Data Analytics and AI
Migrating Analytics from SAS to Hadoop
Retail organization needed to migrate a system that generates a propensity score that indicates how likely are customers to buy protection agreements on the home appliances that they purchased from SAS to Hadoop in order to cut costs and be able to scale to the growing size of the datasets.
Client Challenges and Requirements
Propensity score is used by call centers and technicians who are in customers' homes for repair or installation to get an idea about pitching protection agreements.
- SAS was used to calculate this score using customer data, orders, agreements, last 50 years of data.
- High SAS license costs on DB2 database.
- SAS was slow because based on real-time transactional data; SAS provided information after the fact.
- SAS programs going over terabytes of data and taking too long to resolve mathematical model.
Bitwise Solution
Convert business logic that was written in SAS into Pig.
Source data related to customers, agreements and orders and transform it to fit analytics needs by going through 50 years of history to give score.
Take the mathematical model written for SAS by data scientists and re-write in Pig. Pig handles all ETL logic in concise steps using MapReduce.
Sourced all data, run Pig jobs, send scores to target interaction team. Use Mahout to identify.
Distribute processing on 500 node Hadoop cluster so that the entire analysis happens in a few minutes. Targeted analysis occurs over night so ready for technicians the following day.

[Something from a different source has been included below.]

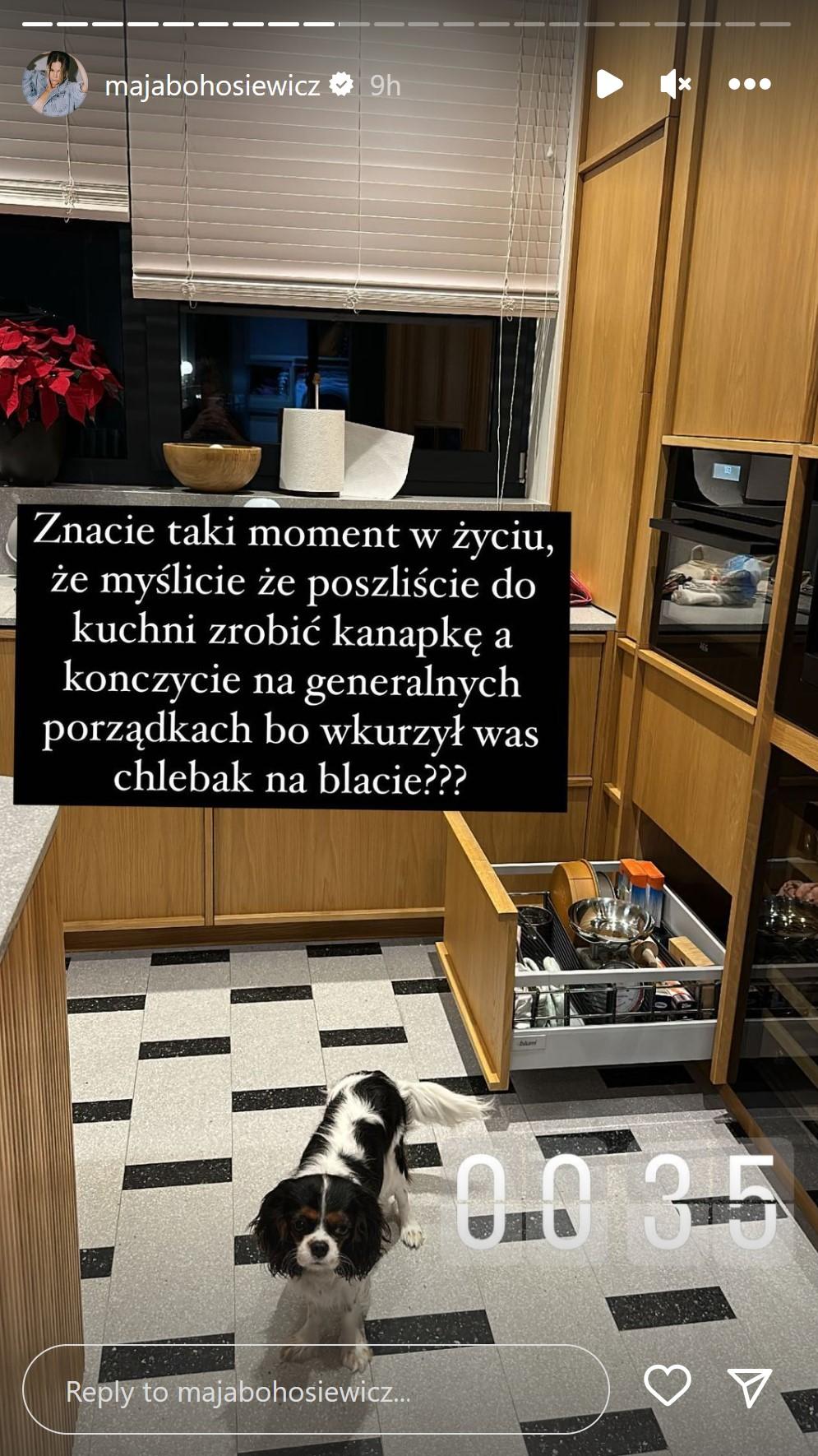 Teraz jednak celebrytka postanowiła zrelacjonować sprzątanie swojej ogromnej kuchni, którą wreszcie mieliśmy okazję zobaczyć w (prawie) pełnej okazałości! Jednocześnie Maję zaskoczyły rzeczy, które znalazła w trakcie sprzątania i pod jednym ze zdjęć napisała:

SAS goes customer by customer. Hadoop goes by entire data set. This causes a change of mindset of how the data can be used.
Tools & Technologies We Used
Hadoop
MapReduce
Pig
Mahout
Key Results
Ability to provide technicians with propensity score information while they are in customers’ homes.
Change in mindset of how the data can be used compelled business to identify high cost SAS programs and convert to Pig.
Once the data is in Hadoop, it can be reused for other analysis.